I assume that the ramp-up of Levothyroxine and launch of Albuterol should add ~$85-$90 million in incremental revenue in FY21, and improve margin by ~200 bps (ex-licensing income), with any delay in the approval or launch of Albuterol being a key risk to my estimates. Further, I believe the expansion of women’s health portfolio (in addition to Solosec) will likely be another key margin driver but is highly unlikely in the near-term.

Likely Near-Term Pressure on Operational Weakness amid Regulatory Challenges

Owing to the regulatory challenges at its manufacturing sites, there is a potential cap on the number of products Lupin can target launching in FY21. I believe Lupin’s management has to execute well on its quality transformation program to make sure the sites under regulatory observation are cleared by the USFDA in the next round of inspection, in addition to ramping up Levothyroxine sales in the US, and getting the gProAir inhaler (Albuterol) approved in the US and bEnbrel launched in Europe, to expect any recovery in margins.

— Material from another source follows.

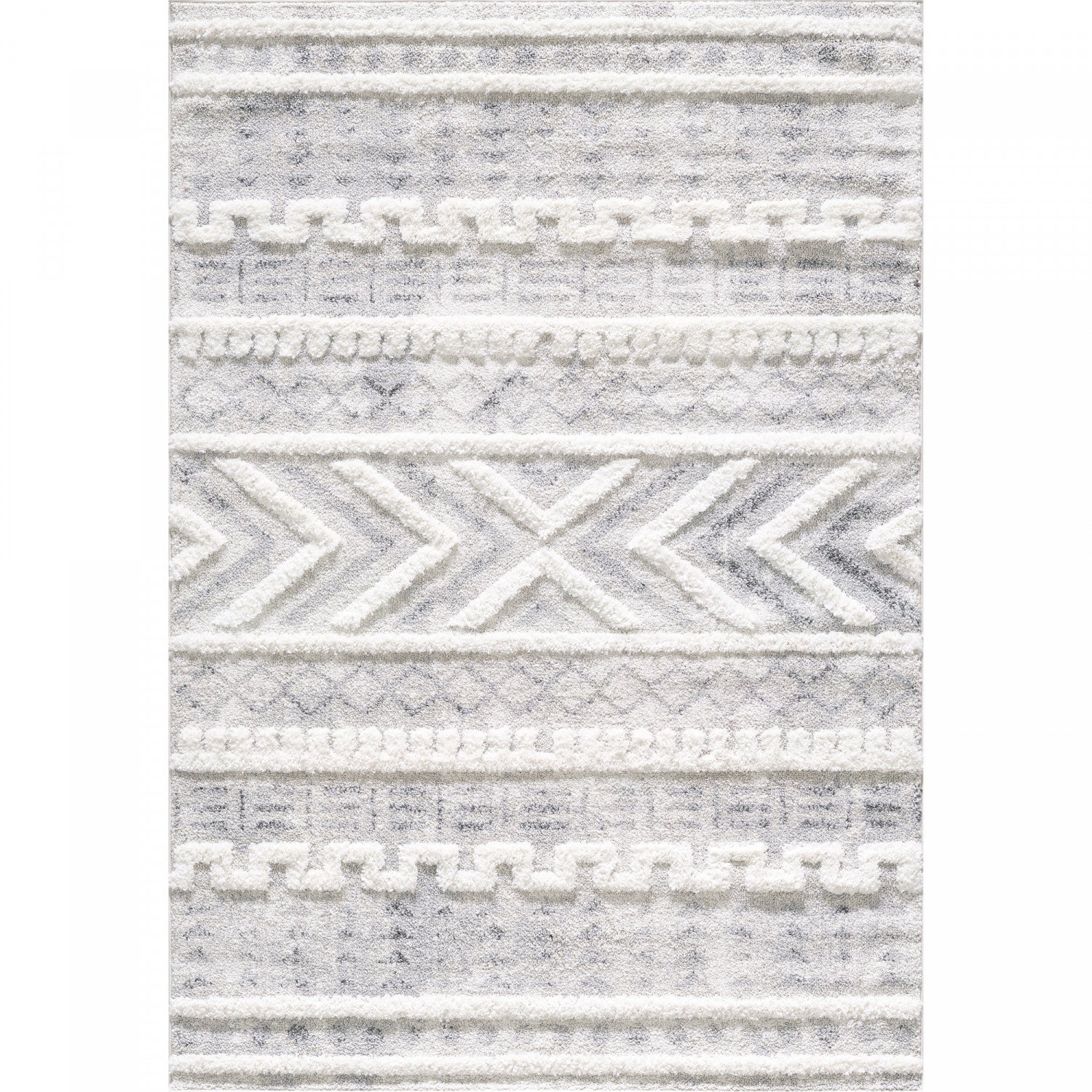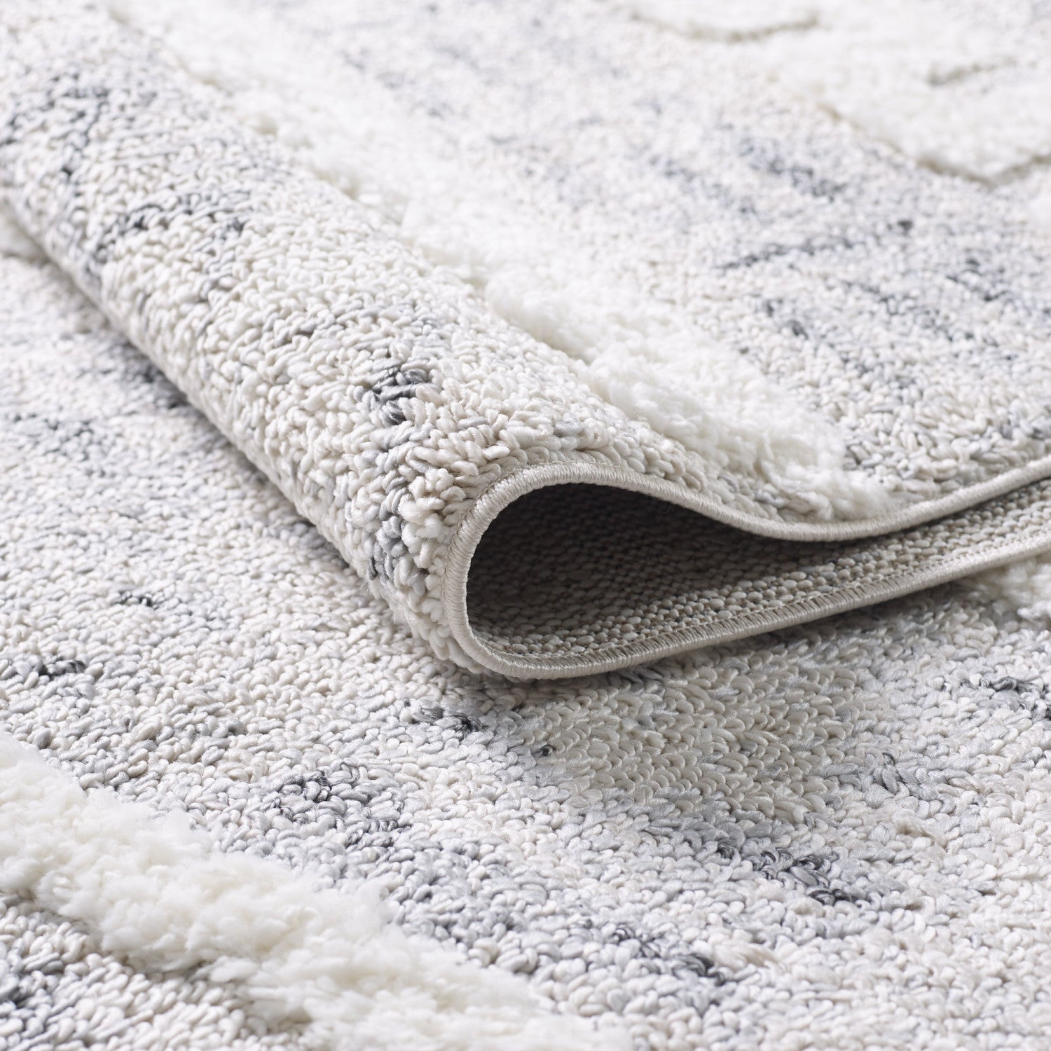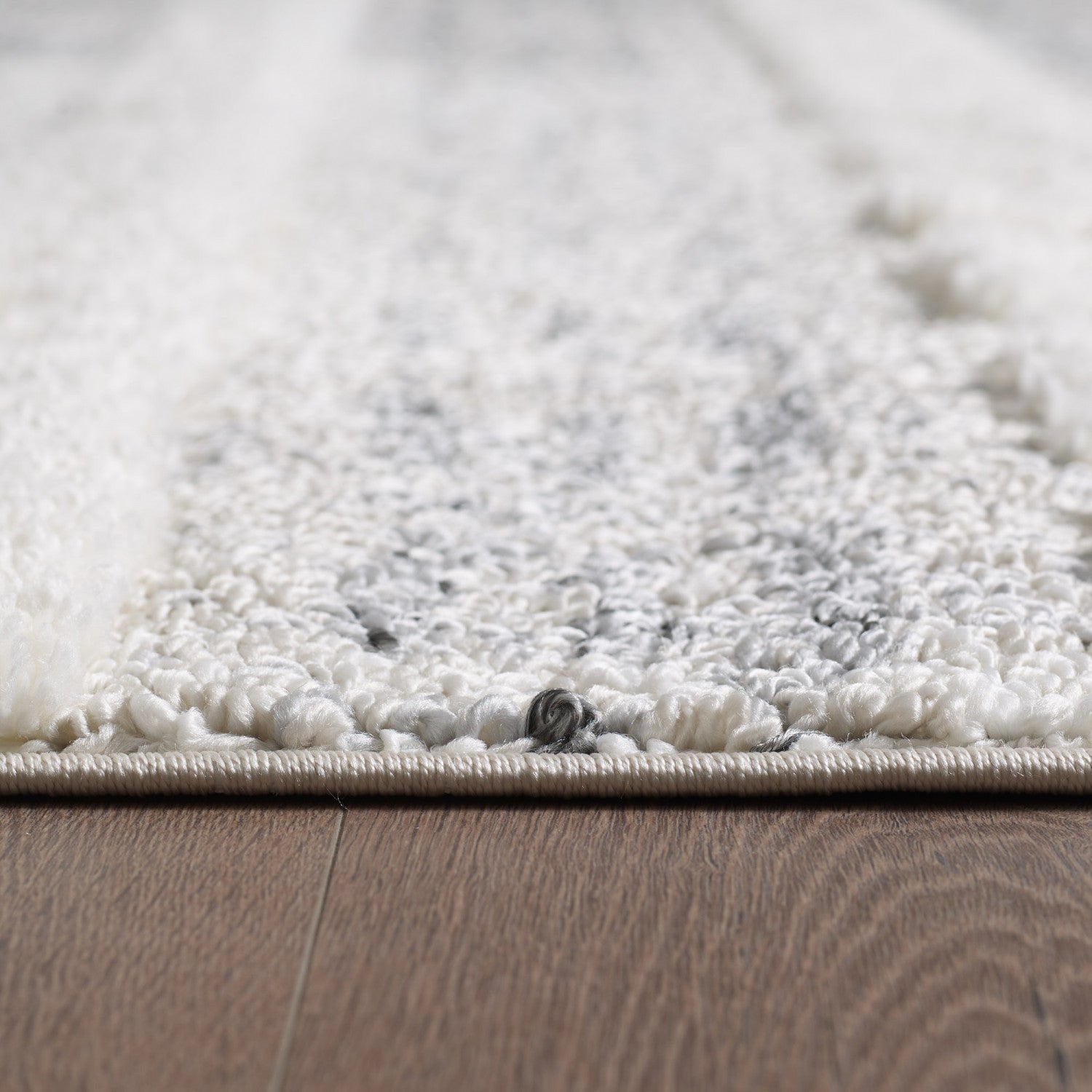 Carpette à poil long Lola crème à motif marocain géométrique - 6 pi 7 po x 9 pi 6 po

Due to the overall sector de-rating amid regulatory challenges and Lupin’s company-specific regulatory setback at manufacturing sites and operationally weak results, I value the company at a significant 25% discount to its six-year historical average PE multiple of 28.4x. The company’s stock has already witnessed ~4% decline since the announcement of 3Q FY20 results, and any further observation from the USFDA or the failure on the part of management to execute on the transformation program or the product ramp-up/launches in the US will add further pressure on the stock.

Disclosure: I/we have no positions in any stocks mentioned, and no plans to initiate any positions within the next 72 hours. I wrote this article myself, and it expresses my own opinions. I am not receiving compensation for it (other than from Seeking Alpha). I have no business relationship with any company whose stock is mentioned in this article.